The conference was initially scheduled for 10:00. CNN asked that it be postponed for an hour so they could carry it live. We agreed. I saw no point in appearing unreasonably uncooperative with the media. Besides, a delay gave me more time to brace myself.
I drove to the law school by myself and crossed the fifty or so yards from the parking lot to the law school building. Two of my colleagues, Associate Dean Teree Foster and Rick Tepker, spotted me and met me on the walkway, sparing me from having to step into the turmoil alone. Inside the building the scene was surprisingly calm. Most of the press had gathered in the classroom where the conference was to take place. I went to the dean’s office to discuss the procedure with Foster, Tepker, and Swank.

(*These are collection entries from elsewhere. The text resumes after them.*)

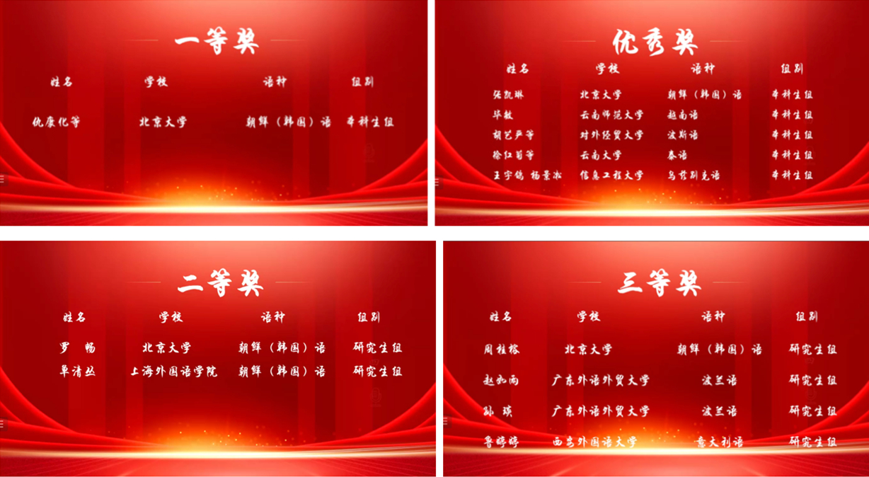 朝(韩)语系共推荐8组(9名)学生参加本次论坛,其中4组(5名)学生入围决赛。经过激烈的角逐,本科生组2019级仇康化同学、2018级徐丽博同学与英语系2019级周子萱同学获一等奖(论文题目:《非英语外语专业本科生外语学习倦怠现象及相关性研究——以华体会平台为例》,指导老师:王丹老师),2020级张凯琳同学获优秀奖(论文题目:《帕尔默文化语言学视域下的韩国桃花意象研究》,指导老师:琴知雅老师);研究生组2019级博士生罗畅同学获二等奖(论文题目:《基于语料库的韩国语教学用词表构建研究》,指导老师:王丹老师),2021级硕士生周桂榕同学获研究生组三等奖(论文题目:《社会分层视角下的朝鲜朝前期译官政治地位研究》,指导教师:琴知雅老师)。
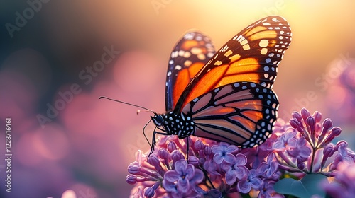 Monarch butterfly on lilac, sunset garden, nature beauty, spring card
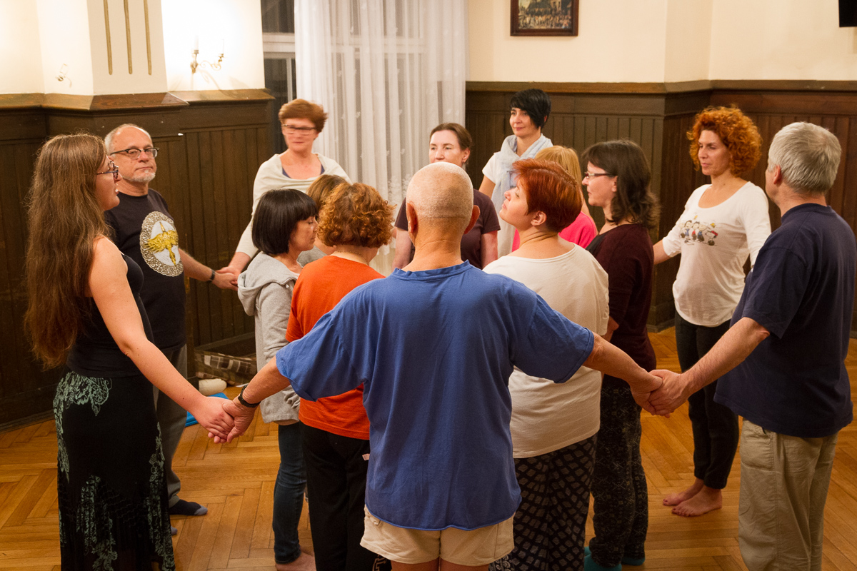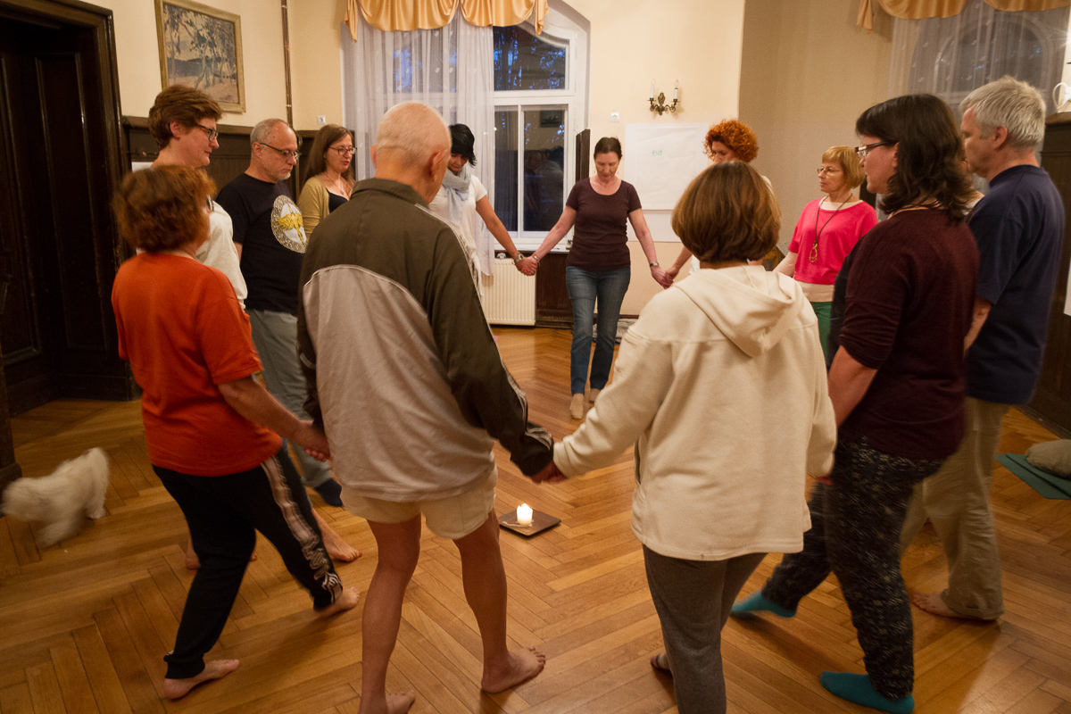 w kręgu.
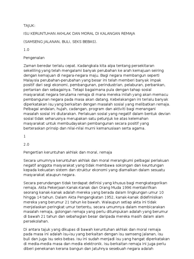 Doc Isu Moral Dan Keruntuhan Akhlak Remaja Mohd Noor Fazlan Azizan Academia Edu
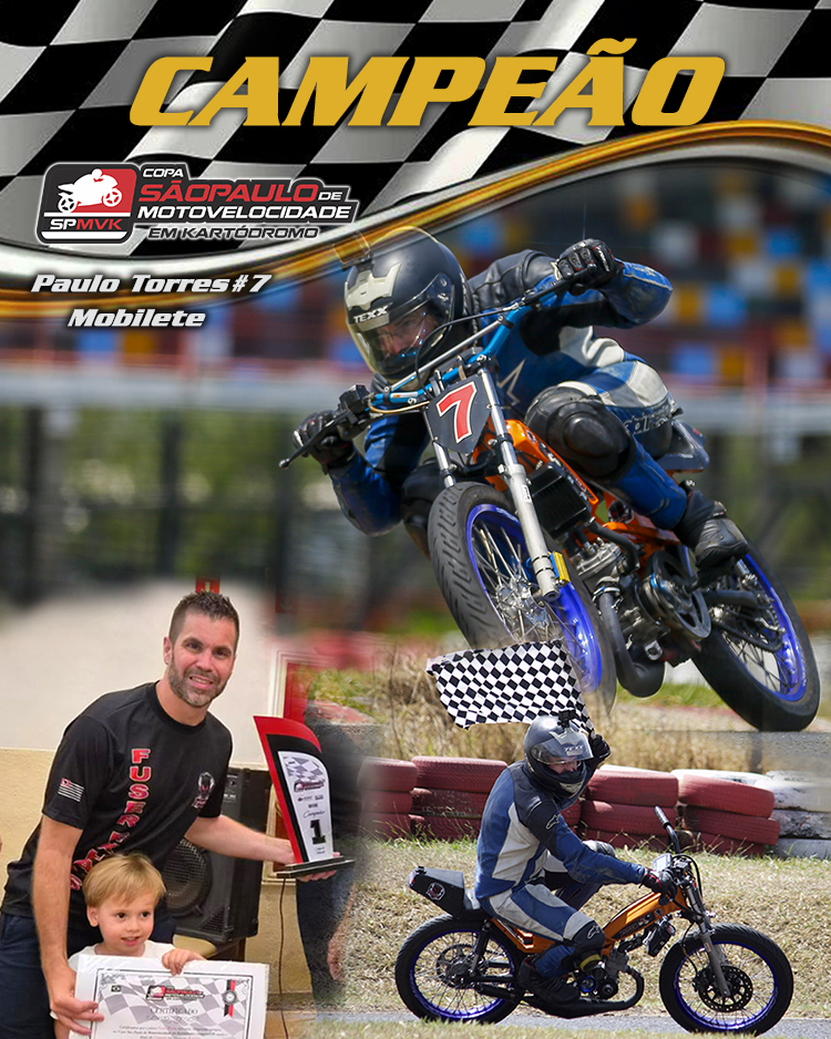 Paulo Torres – Minha evolução nas competições foi rápida. Logo nas primeiras corridas já figurava entre os primeiros colocados, porém minha primeira vitória só veio em 2014, e o primeiro campeonato em 2016. Depois disso, fui campeão da JT72, da King, vice-campeão brasileiro, entre outros títulos. Atualmente estou competindo em outra categoria, a 250cc, dando continuidade à minha evolução como piloto.

Though we were used to evincing self-confidence in most situations, our inexperience showed. And the press statement issued the day before would later be described as amateurish. No doubt it was one of the first Rick Tepker had ever written. But we were all amateurs. There were none of the high-paid professional “handlers” to which Senator Alan Simpson would later allude with disdain. I did not even know what the term “handler” meant until later that day when advised by the press.
As I walked down the crowded hallway to classroom 2, familiar faces offered reassurance. The circumstances were so unreal that friends seemed out of place. I saw Dr. Thomas Hill, the academic adviser for the athletic department, whom I had known since he arrived at the university in 1988, and Beth Wilson, a friend and the affirmative action director for the university. In a small gesture of support that I will not forget, Beth wrote her home number and a note on a bank deposit slip: “Call me if you need anything.”
Students, staff, and my colleagues filled the classroom, along with the press. Eric was there with a college friend. Everyone except the press stood and applauded as I entered the room. The Student Bar Association, the Black Law Student Association, and the Minority Coalition presented resolutions supporting me. This at once bolstered my resolve and overwhelmed me with dismay. They did not deserve this massive intrusion of cameras and reporters; none of us did.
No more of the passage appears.